You can often use two policies to achieve the best outcome. Think of the example of Exchange Online, you want to enforce MFA for everyone. But you have a service account that does some automation, and it keeps failing MFA. It signs on from one particular IP address. If you exclude it from your main policy then it is a blanket exclusion. Instead build two policies.
- Policy 1 – Require MFA for Exchange Online
- Includes all users, excludes your service account
- Includes all locations
- Includes Exchange Online
- Control is require MFA
- Policy 2 – Exclude MFA for Exchange Online
- Includes only your service account
- Includes all locations, excludes a single IP address
- Includes Exchange Online
- Control is require MFA
As mentioned at the outset, Conditional Access policies are combined. So this combined set of two policies achieves what we want. Our service account is only excluded from MFA from our single IP address. Let’s say the credentials for that account are compromised. The attacker tries to sign in from another location. When it signs into Exchange Online it will prompt for MFA.
If we had only one policy we don’t get the same control. If we had a single policy and excluded our service account, then it would be excluded from all locations. If we had a single policy and excluded the IP address, then all users would be excluded from that IP. So we need to build two policies to achieve the best outcome.
Of course we want to balance single exclusions with the overhead of managing many policies. The more policies you have, the harder it is to work out the effect of changes. Microsoft provides a ‘what-if’ tool for Conditional Access. It will let you build a ‘fake’ sign in and tell you which policies are applied.
Learning to drive and audit Conditional Access is key to securing Azure AD. Having built a lot of policies over the years, here are some of my tips.
- Never, ever lock yourself out of the Azure portal! You get a UI warning if it believes you may be doing this. Support will be able to get you back in, but it will take time. Exclude your own account as you build policies.

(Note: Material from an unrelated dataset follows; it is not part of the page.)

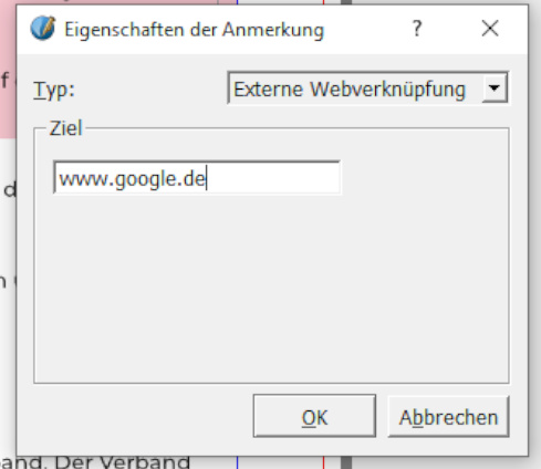 - Wiederum über Kontextmenue "PDF-Optionen/Eigenschaften der Anmerkung" den Feldtyp als "Externe Webverknüpfung" definieren
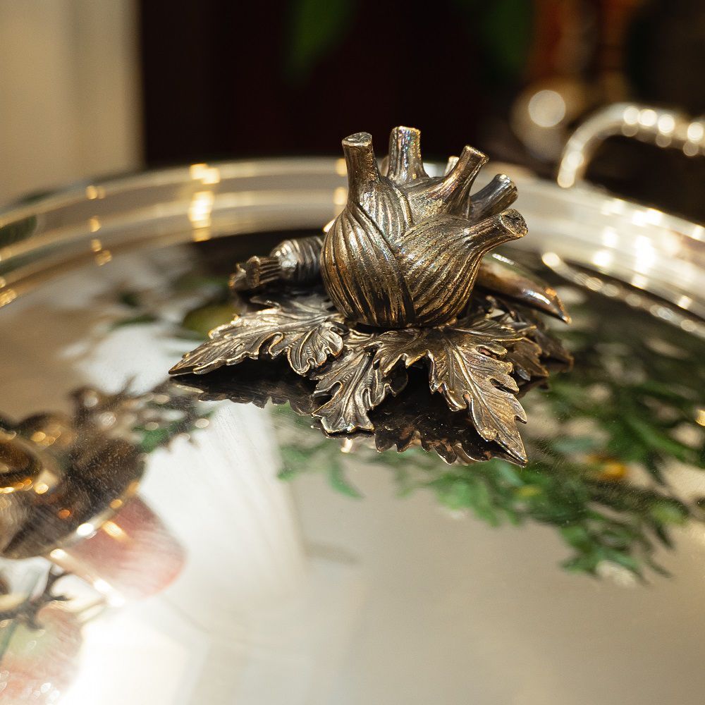 Крышка украшена латунной посеребренной ручкой, сделанной вручную в форме различных овощей. Может использоваться на любых типах плит, в том числе и на индукционных.

- Create broad policies that cover the most use cases. If your standard security stance is require MFA to access SSO apps then build one policy. Apply that policy to as many apps and users as possible. There is no need to build an individual policy for each app.
- When you create exclusions, use the principal of ‘least exclusion’. When you are building an exclusion, have a think about the flow on effect. Will it decrease security for other users or workloads? Use multiple policies where practical to keep your security tight.
- Audit any policy changes. Find the policy that was changed and review it in the Azure portal.
- Use the ‘what-if’ tool to help you build policies. Remember that multiple policies are combined, and controls within a single policy have an order of operations.
- Blocks override any allows!
- Try not to keep ‘report only’ policies in report only mode too long. Once you are happy, then enable the policy. Report only should only be there to validate your policy logic.
- If you use group exclusions, then monitor the membership of those groups. Users being added to a group that is excluded from a policy won’t trigger a policy change event. Keep on top of how many people are excluded. Once someone is in a group they tend to stay there forever. If an exclusion is temporary, make sure they are removed.